Gerrick Johnson: Okay, great. And then on the model year 2022, personal watercraft and three-wheeled vehicles that you’ve shipped, what proportion of those are presold? I’m just concerned that you have 2022 backed out there after the season is over and how that might affect the flow of 2023s coming in for next season? And then also the discounting probably you needed to move those units because really who wants a 2022 personal watercraft in December. Well — so just if you could talk about how much of that is presold? And what you have baked in your guidance in terms of what you need to discount to move those units before the 2023s come out?
Sébastien Martel: Yes. As I said, we do have a retail incentive program out there offering a zero interest for six for five years to our consumers. And so that’s then that’s helping with our strong retail performance we’ve seen in the last few months. Obviously, we would have preferred to ship these units in May and June and get them to consumers because, as you know, the level of preorders from consumers was very high. The season last year in the industry ended at an all-time low in the last five years. So there’s still a high level of unfulfilled demand. And the other reason why we’re comfortable and obviously, we don’t like it, but we’re comfortable with the situation is the level of preorders at the dealership was high.

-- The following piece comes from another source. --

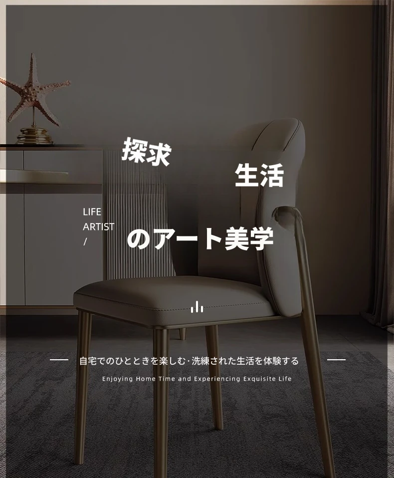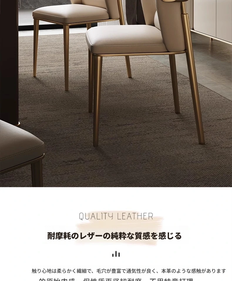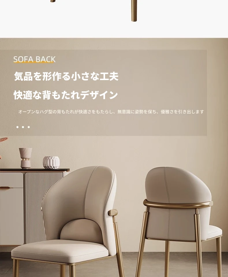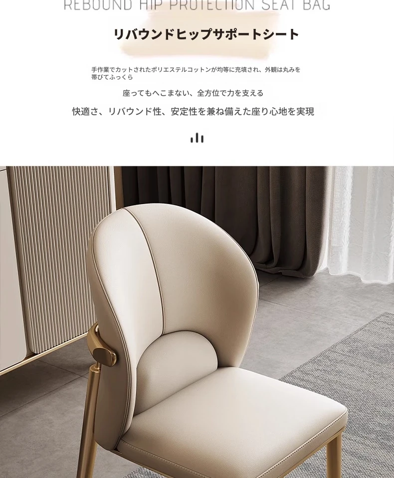 軽奢感溢れる本革ダイニングチェア|デザイナーズ背もたれで快適な座り心地|モダンでシンプルなリビングやレストランに最適|高級牛革使用のスタイリッシュな一品!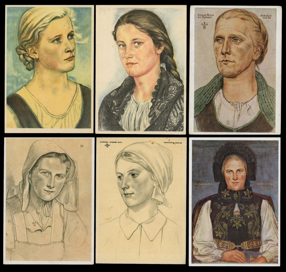 466 image11 GERMAN 3rd REICH ARTIST CARDS 1935-1939, all are Wilhelm Willrich signed cards showing9 different German women, 2 are duplicates but on of these is from a different 1940 publisher, retails over $275 US ($400 CDN), F-VF est (Image)

So dealers are telling us. I’m not getting cancellations for these units. Customers are going to take ownership of these units in the spring. And the other thing is that there will be price increases on model year 2023 that we’ve announced, 3% to 4% increases. And so customers, they have an option of taking a model year 2022 at a price lower than a model year 2023, and that’s something that will also incentivize them not to cancel their order and take the units.
Gerrick Johnson: Okay. So to be clear, what’s embedded in your guidance right now or your thought process is the finance offer, not additional rebating? .
Sébastien Martel: Yes.
Gerrick Johnson: Okay, great. Thank you.
Operator: And your next question will be from Jamie Katz at Morningstar. Please go ahead.
Jaime Katz: Hi, good morning. I was hoping that you guys would elaborate on maybe where you’re seeing supply chain shortfalls that might lead to opportunities for further vertical integration given the recent acquisitions you’ve made? And then sort of adjacent to that, it looks like in the financials today; you guys have carved out this low-voltage human listed group and to facilitate your growth strategy and I’m curious whether that’s just electric or if there’s something else we should be thinking about to figure out what the total addressable market of what you’re trying to do there might include? Thanks.
José Boisjoli: Yes. First, on the vertical integration, we are happy with the acquisition in Austria and basically, what we acquired is talent. It was a group of about 50 people that are deeply competent into electric technology that now is part of our R&D Group. Kongsberg in Quebec, we were the biggest customer of that division. And for us, those components are key and they will be even more key going more electric and Pinion is a different thing. Pinion, it’s a compact gearbox that we can implement, obviously, on bike, on electric bike, but also on other product lines or new type of product line. Then right now, there is no plan for additional other vertical integration or activity. We were opportunistic with those. And we are very happy with those acquisitions because over and above, and those are not big acquisitions, but it’s we acquired a lot of talent that will be key for the future.
On the LVHA, right now, the name is an internal call name, but low voltage, our motorcycle and our Powersport electric vehicle will be high voltage. We are right now working on low-voltage product that will be electric. And obviously, HA is Human Assist and the Pinion gearbox is key for the Human Assist product line. And all of this is a strategy to enter when we’re presented at the analyst meeting investor meeting in June in Florida. We had the $34 billion bubble of Powersports where we have about 30% market share. Marine is $36 billion. We are a small player. We intend to grow there. We had Motorcycle Europe and North America, $15 billion. We have a plan with our electric motorcycle. And we’re talking about $70 billion urban mobility or new type of market, and those acquisitions are key to enter in those markets.